Using Technology to Redesign College Advising and Student Support: Findings and Lessons From Three Colleges' Efforts to Build on the iPASS Initiative

Integrated Planning and Advising for Student Success (iPASS) is an initiative designed to help colleges redesign advising practices using technology. Its goal is to use technology to support reforms aimed at improving communication and outreach to students, identifying and supporting struggling students, increasing the number and quality of advising sessions, and to ultimately improve students’ short- and long-term academic outcomes.
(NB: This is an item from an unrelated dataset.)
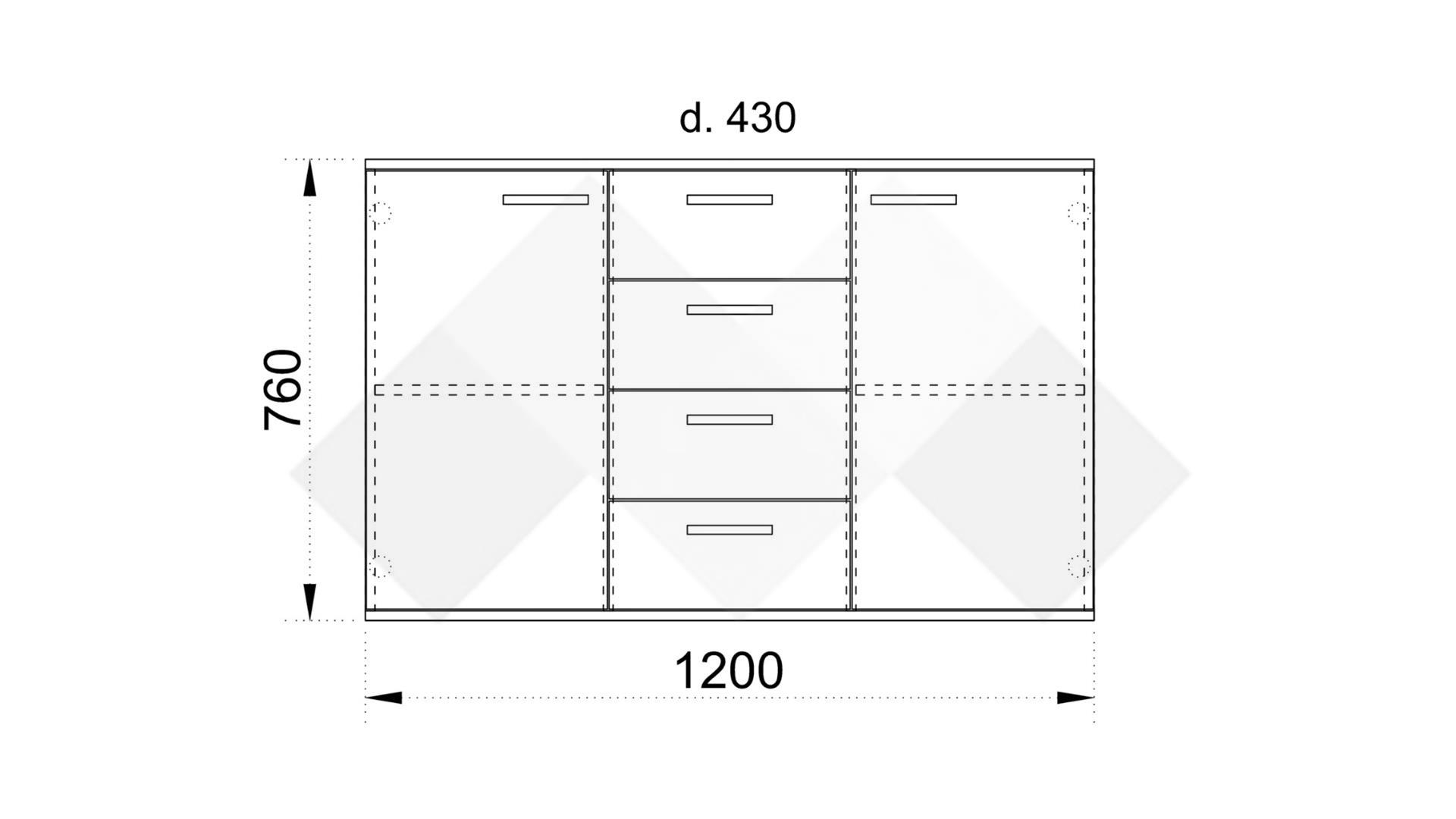 От гледна точка на функционалността - този скрин предлага всички удобства, които търсиш. Разполагаш с два високи шкафа, разделени на рафтове, където можеш да прибереш дрехи и по-обемни предмети, а в центъра са разположени четири чекмеджета, подходящи за организиране на бельо, аксесоари и други вещи. На широкия плот отгоре можеш да аранжираш любимите си сувенири, книги, фотографии или просто да ползваш като тоалетка за козметика и парфюми. Тези предимства превръщат скрина в подходяща мебел за всяка стая в жилището.

To study how technology can support advising redesign, MDRC and CCRC partnered with three institutions already implementing iPASS that wanted to enhance their existing advising practices, including their standard iPASS services: California State University, Fresno; Montgomery County Community College in Pennsylvania; and the University of North Carolina at Charlotte. In general, the colleges focused their enhancements on three areas: expanding informational messages to students, identifying and supporting students who are struggling, and redesigning advising sessions. The study used a randomized controlled trial design, assigning students at random to a group eligible to receive the enhanced iPASS services for two semesters, or to a group eligible to receive the colleges’ standard services, including standard iPASS. Thus, the study is not a test of iPASS, but a test of enhanced advising relative to standard practice under previous iPASS activities.
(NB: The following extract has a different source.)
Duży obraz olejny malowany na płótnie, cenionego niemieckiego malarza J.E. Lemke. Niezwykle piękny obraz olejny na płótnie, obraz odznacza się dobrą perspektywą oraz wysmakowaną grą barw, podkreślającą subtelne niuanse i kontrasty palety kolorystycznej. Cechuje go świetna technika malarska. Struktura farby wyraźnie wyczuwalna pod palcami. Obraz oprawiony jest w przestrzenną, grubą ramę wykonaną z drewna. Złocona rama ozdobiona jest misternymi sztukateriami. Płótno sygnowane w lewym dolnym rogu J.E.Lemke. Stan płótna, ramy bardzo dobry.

This final report from the project, which began in 2016, summarizes the program’s implementation and its effects on students’ academic outcomes for four semesters after study entry. The enhancements led to a small difference in the student experience; the colleges saw an increase in communication with students; a small increase in the number of meetings between students and advisers; and, at two of the three colleges, an increase in the proportion of students who, along with their advisers, received early alerts if the student was struggling in a given course. However, the updated impact findings show the enhancements did not have positive effects on academic outcomes. Additionally, the enhancements caused a small reduction in credits earned at one college, most likely because some students could not register for the next semester until they had attended mandatory advising sessions.
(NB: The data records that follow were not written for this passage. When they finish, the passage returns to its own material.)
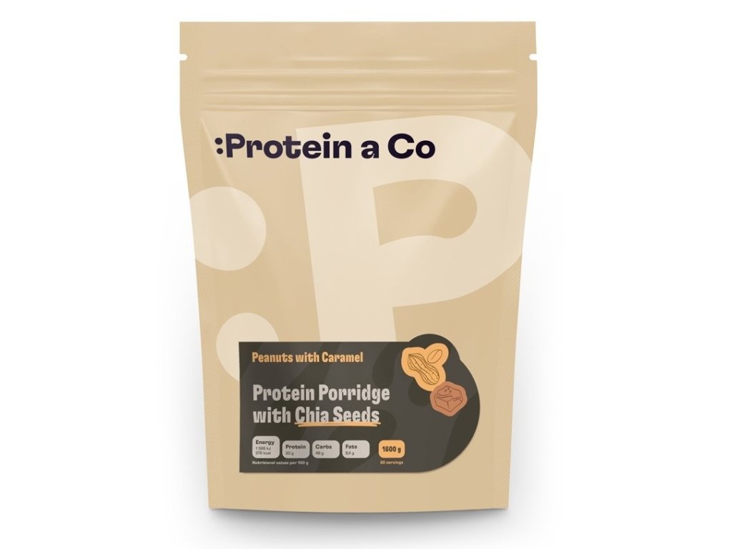 Složení: ovesné vločky (min. 35 %), 80% syrovátkový koncentrát (min. 25 %), arašídy (min. 6 %), karamelové hobliny (min. 6 %), chia semínka (min. 3 %), BIO kokosový cukr, sušené mléko
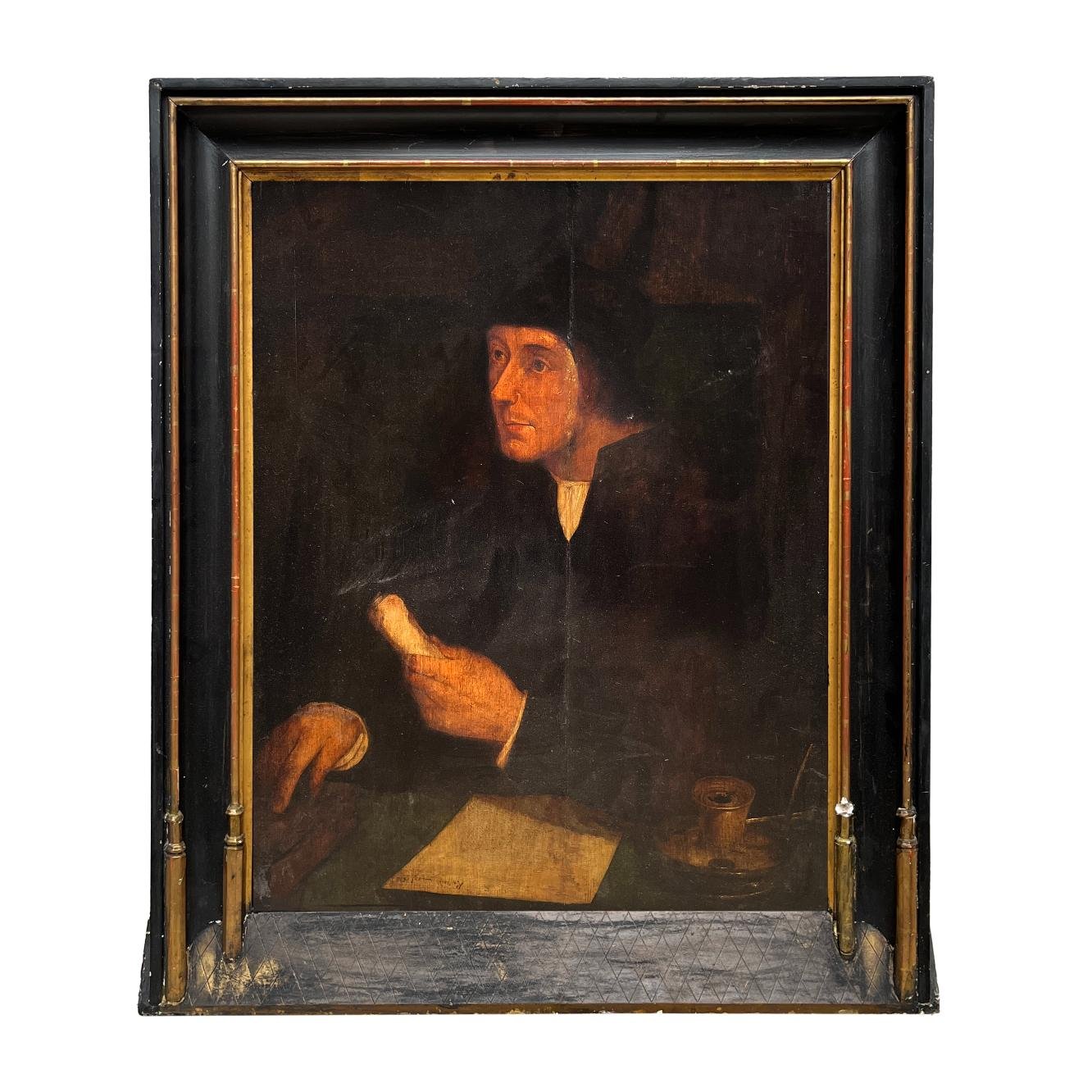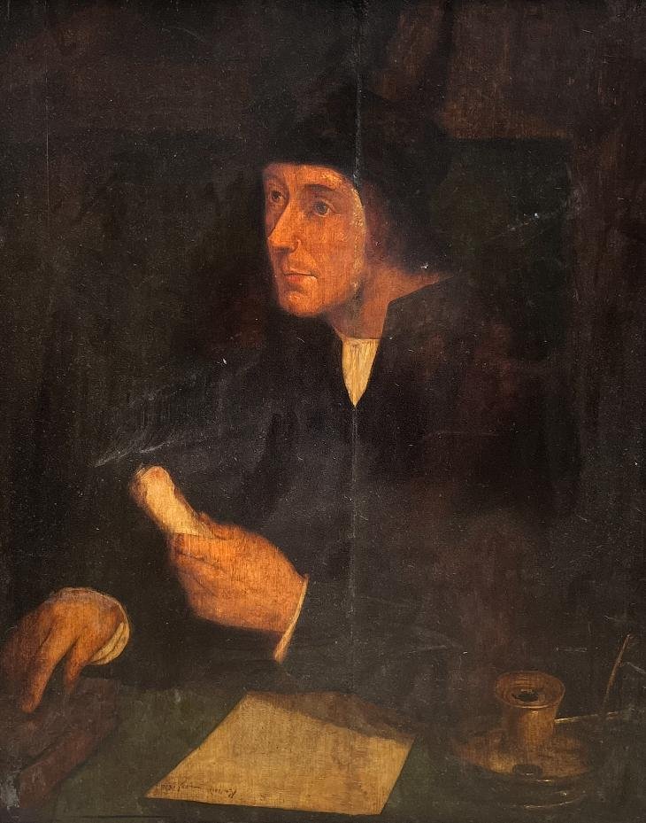 Anónimo europeo de escuela renacentista nórdica Óleo sobre tabla de nogal «Retrato de caballero» C. 1500 72 x 56 cm Presenta antigua restauración en tabla
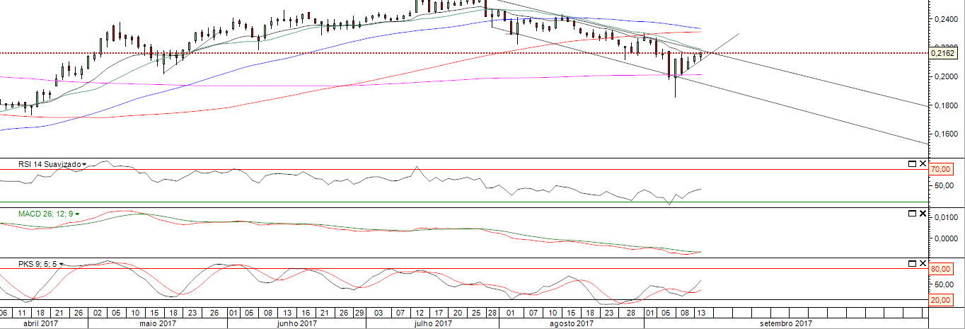 Veremos para que direcção se desloca esta cotada no "pós-almoço". O ideal seria fechar nos 0.2175, consolidando a quebra total da LTD.
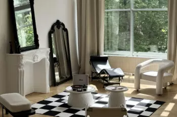 Интерьер с нежными пастельными оттенками, стильной мебелью и винтажными деталями. Большие окна с легкими занавесками пропускают мягкий свет, создавая романтичную и мечтательную атмосферу для фотосессий....
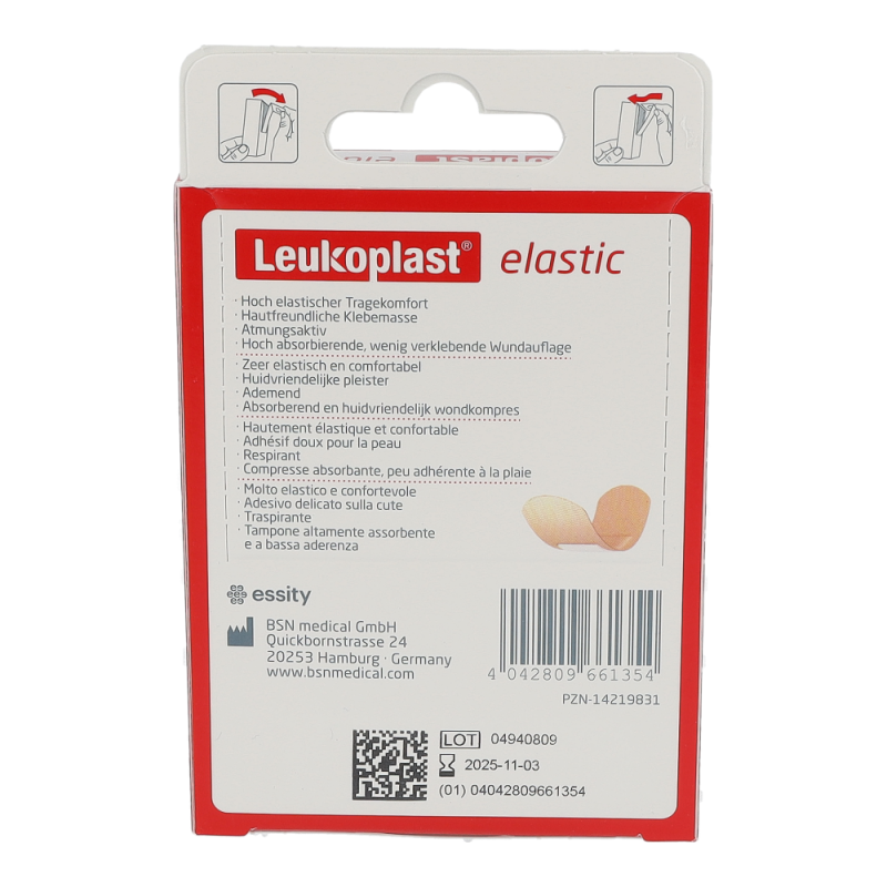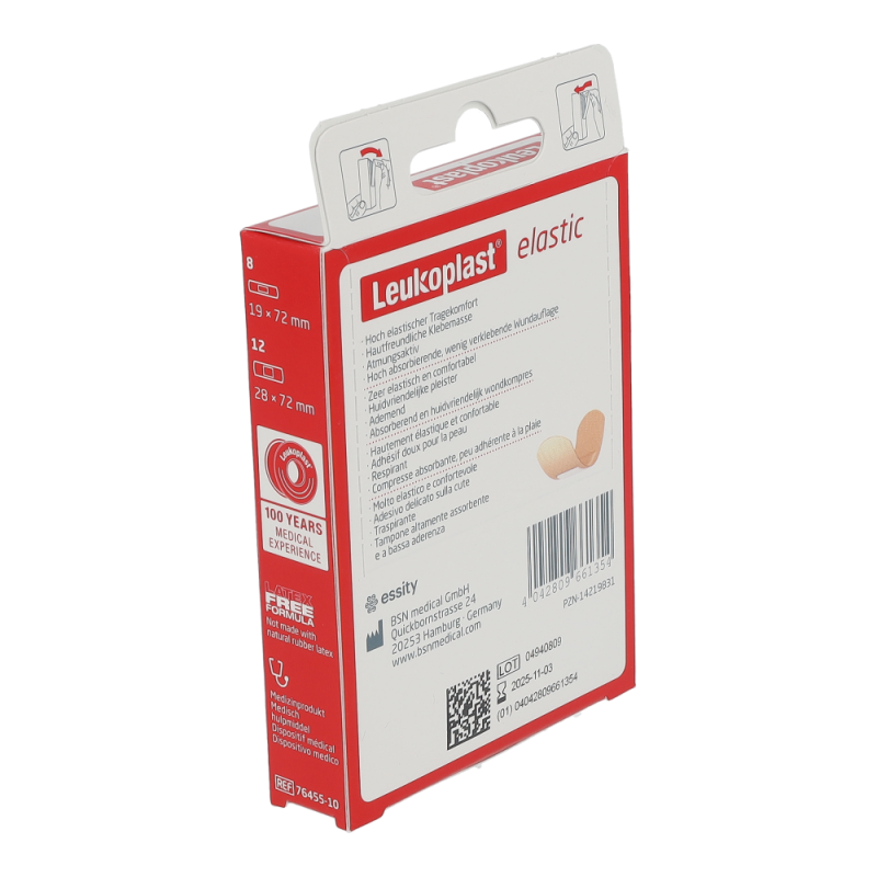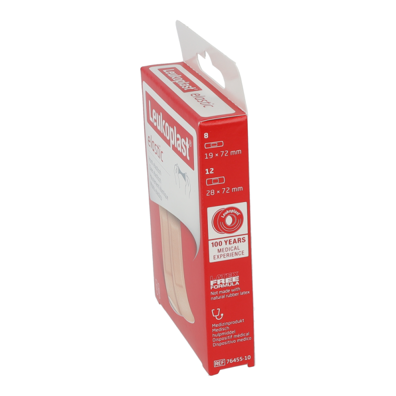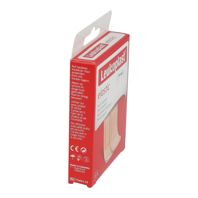 Leukoplast Elastic Strip ist besonders flexibel, elastisch und bequem. Es klebt sogar oben auf Gelenken, Fingern und anderen Körperteilen, die Sie viel bewegen. Zuverlässige Haftfestigkeit sorgt auch bei starker Schweißbildung dafür, dass das Pflaster klebt.

Mounting evidence from the study of education reforms suggests improving students’ academic outcomes requires more substantial changes to their college experiences. Reflecting a tension between scale and intensity, the study colleges managed to bring their iPASS work to more students, but the enhancements were not intense enough to create a substantial difference in students’ experiences. Adopting new technology and using it to redesign advising is an iterative process, and it takes time. This effort should be viewed as one step in the process of achieving broader change. The findings from the project may serve as a useful guide to colleges as they move forward.